That Could Have Gone Better

I recently did a handwavy accounting of the data I collected about female members of Hacker News. I no longer have a copy of the records I kept for a time, so it's not possible for me to give a rigorous accounting but I also have long struggled with an inherent conflict between accuracy and being a decent human being.

This is an internal personal conflict that no one else involved in this mess shares. None of them has a shred of ethics and none of them cares in the slightest how my life has been thrown under a bus.

One of the names on my list was a MTF trans individual and I never know how to talk about that at all. Trans individuals are extremely sensitive about how you gender them, but I'm quite clear that if you get raised AMAB, you get taught things I wasn't taught growing up and it helps you navigate career and public sphere issues I never knew how to navigate.

And I knew she was MTF trans because she was friends with Genevieve. So I knew her secret and wasn't really supposed to know it. So I did my best to keep it.

And Genevieve met her in person for lunch the weekend she was in San Francisco interviewing for the 20 Under 20 program.

Prior to the meeting, Genevieve was flying high. She felt like she could do ANYTHING.

After the meeting, she was a mess and I spent the rest of my work day trying to pick her back up off the floor instead of doing my job.

I later realized her friend wasn't much older than her. She was younger than I had thought and still a giant mess herself. So my seething anger at what she had likely cost Genevieve simmered down a tad.

And it's not possible to ever know for sure if Genevieve would have gotten the fellowship if that lunch hadn't happened and they are probably still friends and I am still in social cyberia for caring about Genevieve who stabbed me in the back for getting her out.

But I think her friend cost her that one time opportunity to get $100,000, get moved to the US on her own recognizance at age nineteen and everything else that would have been part and parcel of the deal.

Genevieve was absolutely starry eyed at the prospect of meeting someone exactly like her who -- unlike me -- could REALLY and truly understand her completely.
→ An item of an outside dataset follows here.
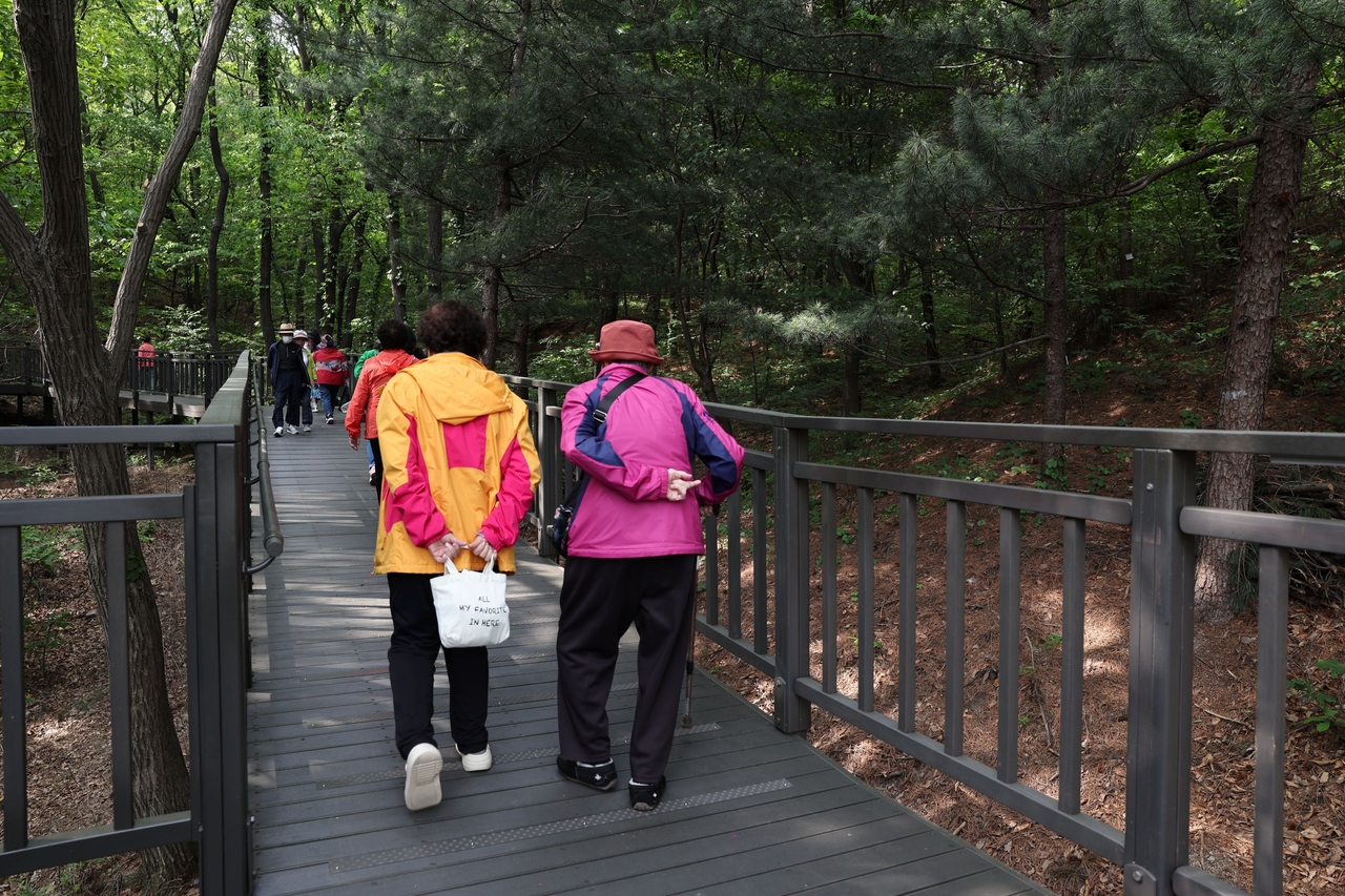| 초안산 무장애숲길을 걷는 시민들. [노원구 제공] |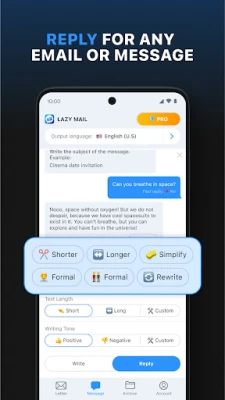 Say goodbye to writer's block with Lazy Mail. Our app not only helps you Write Emails but also guides you in creating various forms of written content. From quick replies to detailed letters, Lazy Mail's AI Writer is your ally in all things writing.

And was gutted by the meeting.

Don't assume other trans people are automatically your allies or your new best friend forever who will obviously have your back. 

What they may do is project their baggage onto you and pretend they are more together than you and jack up your mind at a critical moment determining important details about your future.

The MTF trans friend of hers is not out as trans. Most people think she's a cis woman, full stop.

And I've spent a lot of years protecting her privacy and she's spent a lot of years stepping over my body in the gutter along with the rest of Hacker News.

And that ain't right. And shit like this is probably one of the reasons the trans community gets a lot of hostility.

Because both Genevieve and her friend took it for granted that I was obligated to fall on my sword for their benefit and neither gave a shit about me.

If you are operating that way "Because I'm trans! So I can't help it! You understand!" Don't be shocked if transphobia continues to be the norm for planet Earth and most people continue to be all "Meh, not my problem."

Because fuck you, got mine tends to come back to you.